▸ About this exercise
In the records below, find the line containing "2. Прежде чем", then copy that line and all lines after it, exactly, omitting every picture.

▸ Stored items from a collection
>>>>>

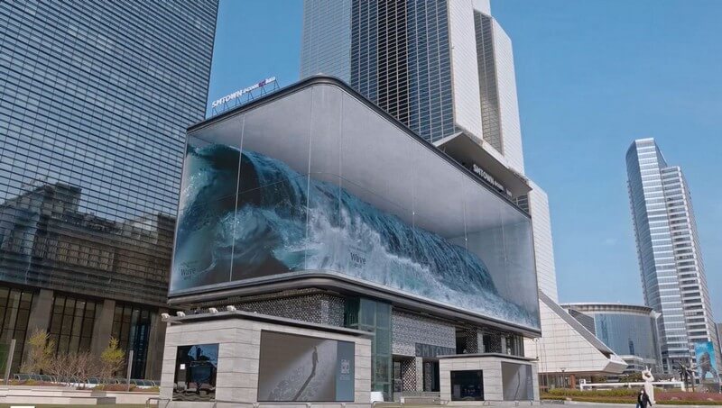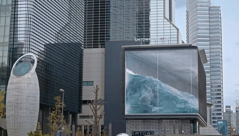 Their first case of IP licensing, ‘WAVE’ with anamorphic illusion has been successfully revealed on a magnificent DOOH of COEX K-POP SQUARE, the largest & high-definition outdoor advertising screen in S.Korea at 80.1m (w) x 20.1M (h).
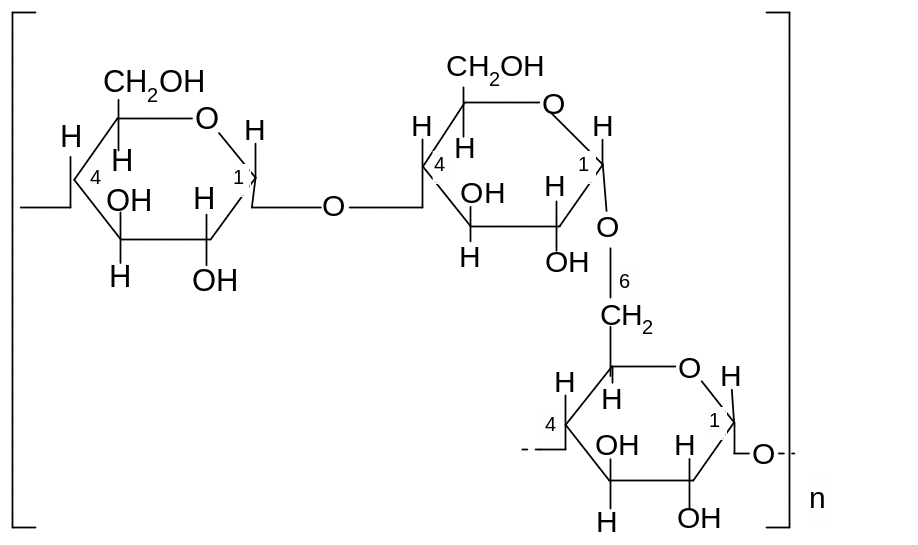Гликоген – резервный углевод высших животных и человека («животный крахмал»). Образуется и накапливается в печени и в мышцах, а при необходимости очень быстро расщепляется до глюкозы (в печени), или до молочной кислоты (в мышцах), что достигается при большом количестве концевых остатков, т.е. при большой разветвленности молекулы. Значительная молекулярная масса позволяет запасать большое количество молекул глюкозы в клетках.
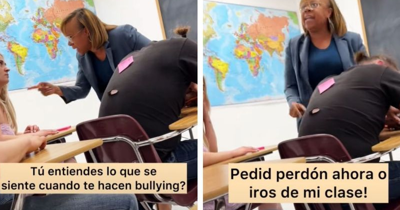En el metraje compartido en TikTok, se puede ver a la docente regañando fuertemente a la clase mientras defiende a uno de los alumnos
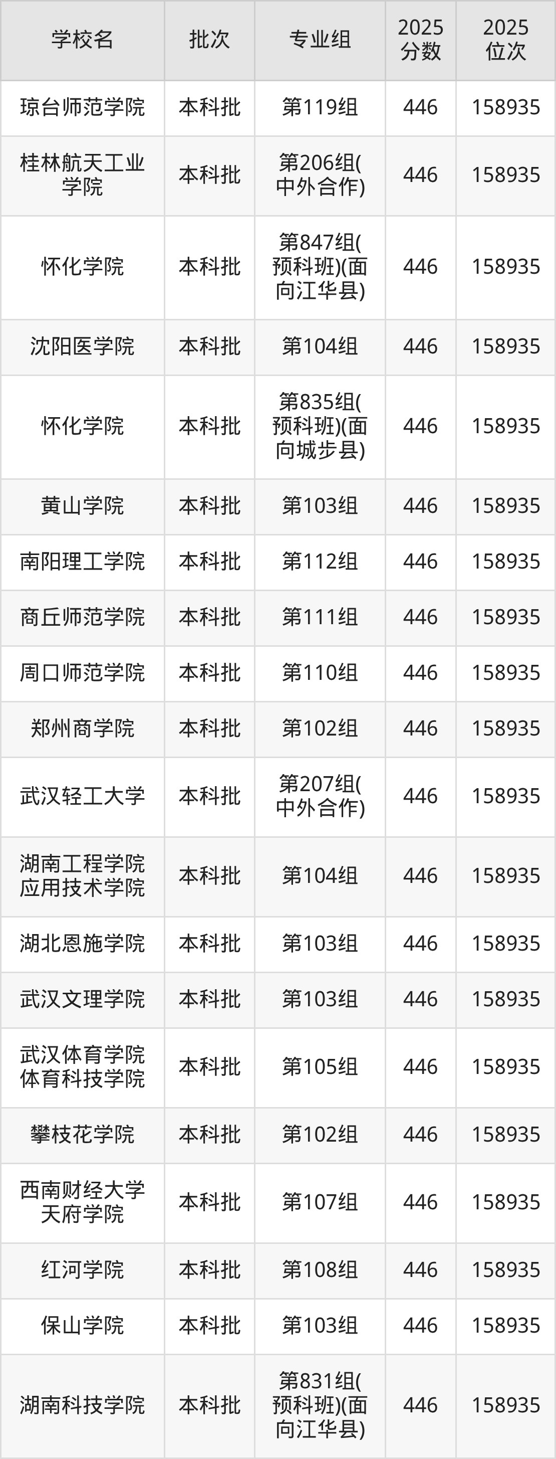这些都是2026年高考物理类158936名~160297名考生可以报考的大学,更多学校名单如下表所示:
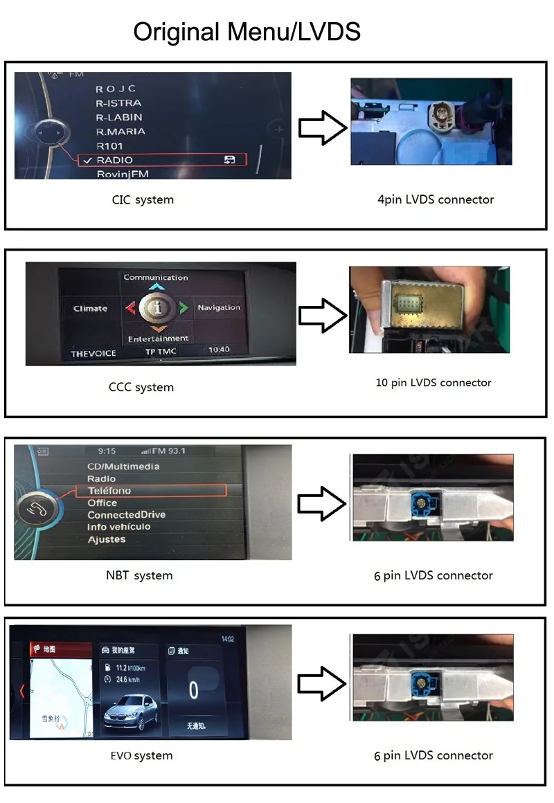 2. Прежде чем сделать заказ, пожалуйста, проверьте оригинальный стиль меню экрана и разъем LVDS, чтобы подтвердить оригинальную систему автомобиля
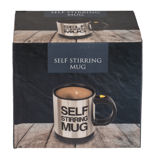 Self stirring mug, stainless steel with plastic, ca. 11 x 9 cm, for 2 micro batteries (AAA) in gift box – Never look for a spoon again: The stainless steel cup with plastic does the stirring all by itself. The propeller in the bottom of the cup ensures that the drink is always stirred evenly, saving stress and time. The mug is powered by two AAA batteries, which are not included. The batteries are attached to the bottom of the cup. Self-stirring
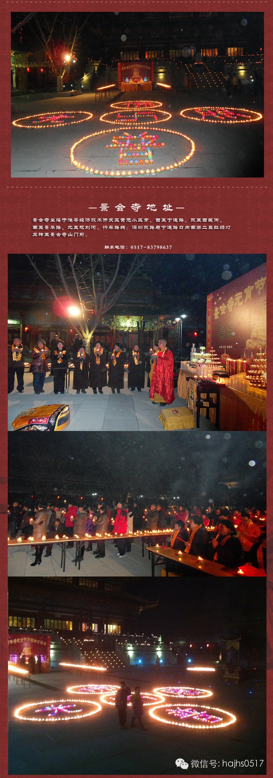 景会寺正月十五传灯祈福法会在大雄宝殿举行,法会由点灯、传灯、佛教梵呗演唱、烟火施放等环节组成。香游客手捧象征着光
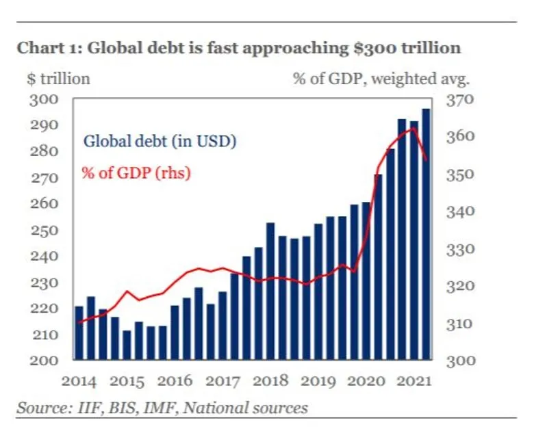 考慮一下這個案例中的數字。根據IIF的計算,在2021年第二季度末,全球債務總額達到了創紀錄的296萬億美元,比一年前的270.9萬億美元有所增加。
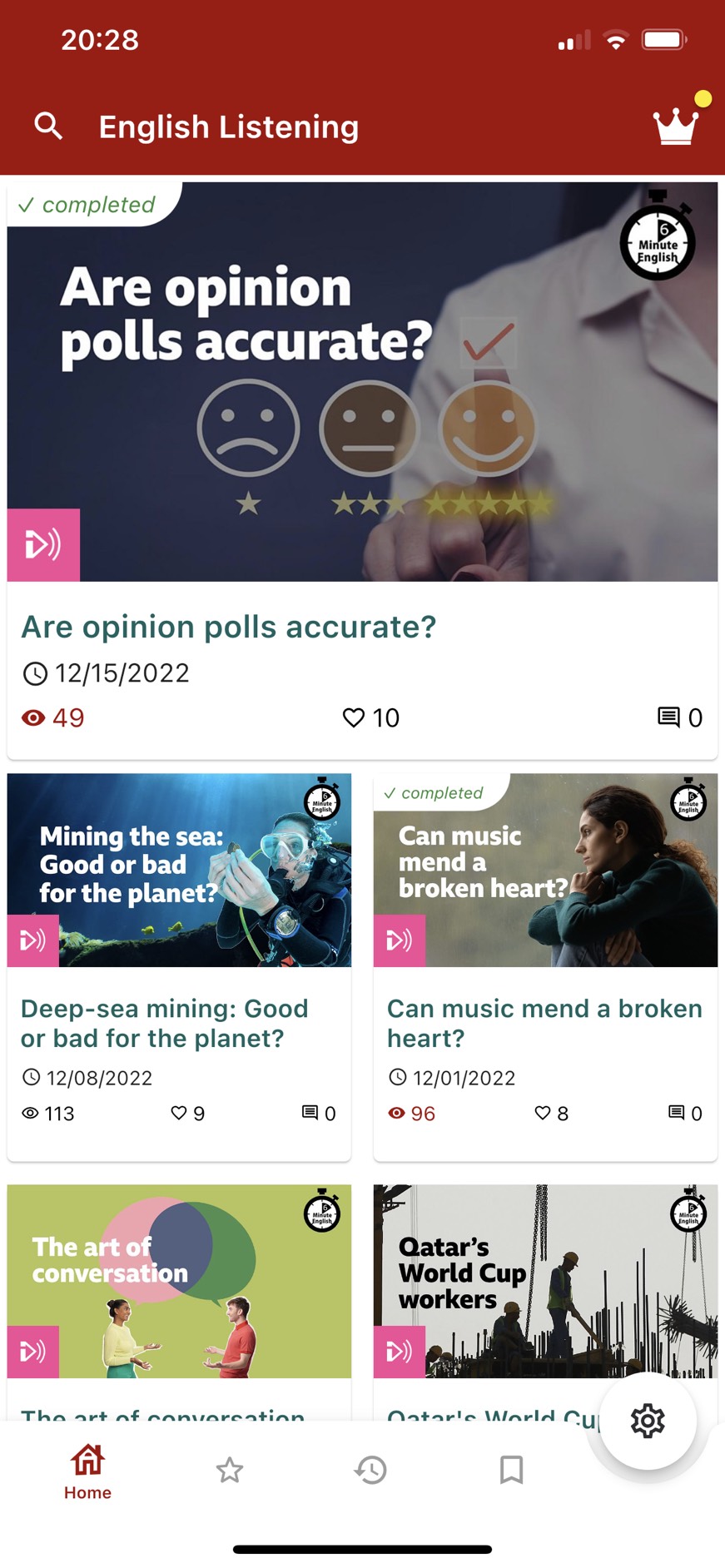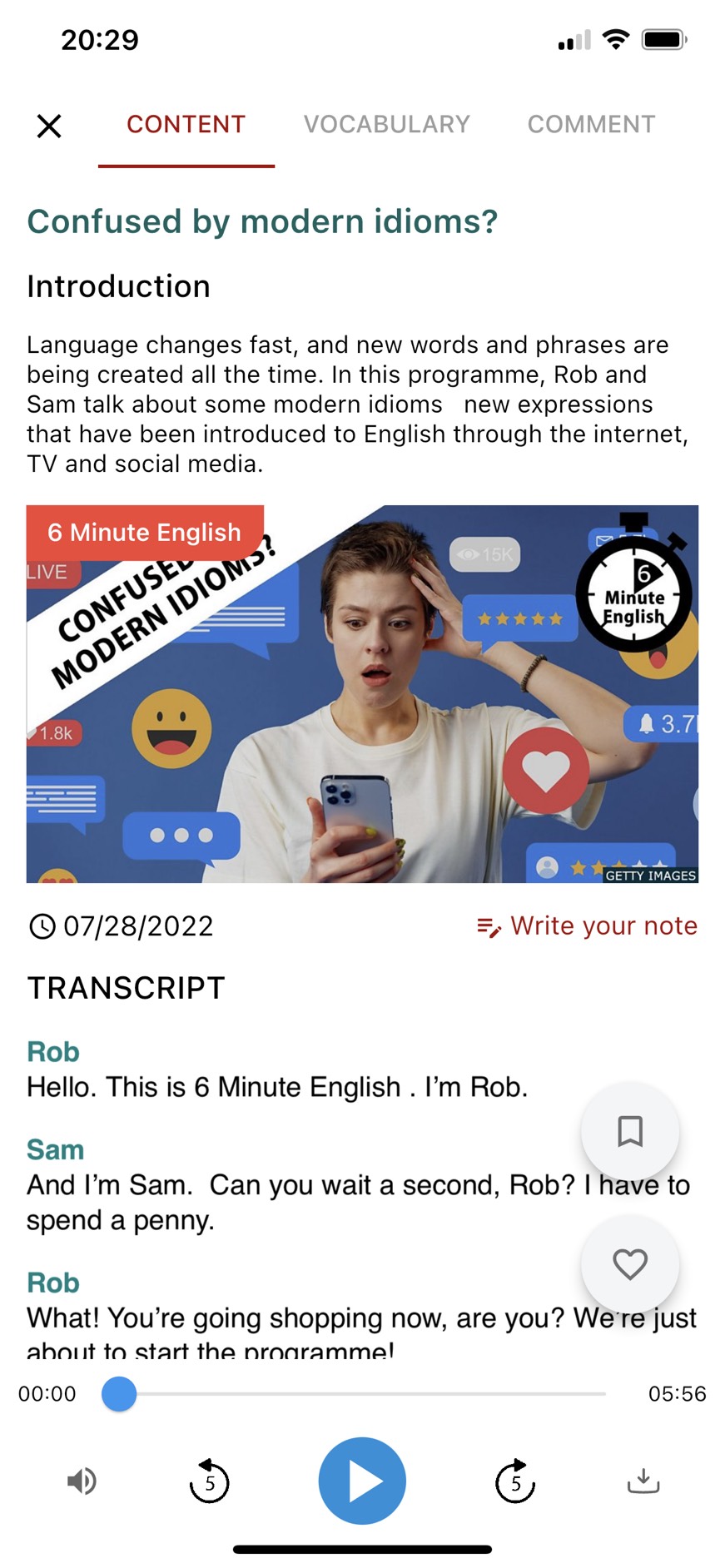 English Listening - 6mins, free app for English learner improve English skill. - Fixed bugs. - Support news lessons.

<<<<<

▸ Response to this exercise
 2. Прежде чем сделать заказ, пожалуйста, проверьте оригинальный стиль меню экрана и разъем LVDS, чтобы подтвердить оригинальную систему автомобиля
 Self stirring mug, stainless steel with plastic, ca. 11 x 9 cm, for 2 micro batteries (AAA) in gift box – Never look for a spoon again: The stainless steel cup with plastic does the stirring all by itself. The propeller in the bottom of the cup ensures that the drink is always stirred evenly, saving stress and time. The mug is powered by two AAA batteries, which are not included. The batteries are attached to the bottom of the cup. Self-stirring
 景会寺正月十五传灯祈福法会在大雄宝殿举行,法会由点灯、传灯、佛教梵呗演唱、烟火施放等环节组成。香游客手捧象征着光
 考慮一下這個案例中的數字。根據IIF的計算,在2021年第二季度末,全球債務總額達到了創紀錄的296萬億美元,比一年前的270.9萬億美元有所增加。
 English Listening - 6mins, free app for English learner improve English skill. - Fixed bugs. - Support news lessons.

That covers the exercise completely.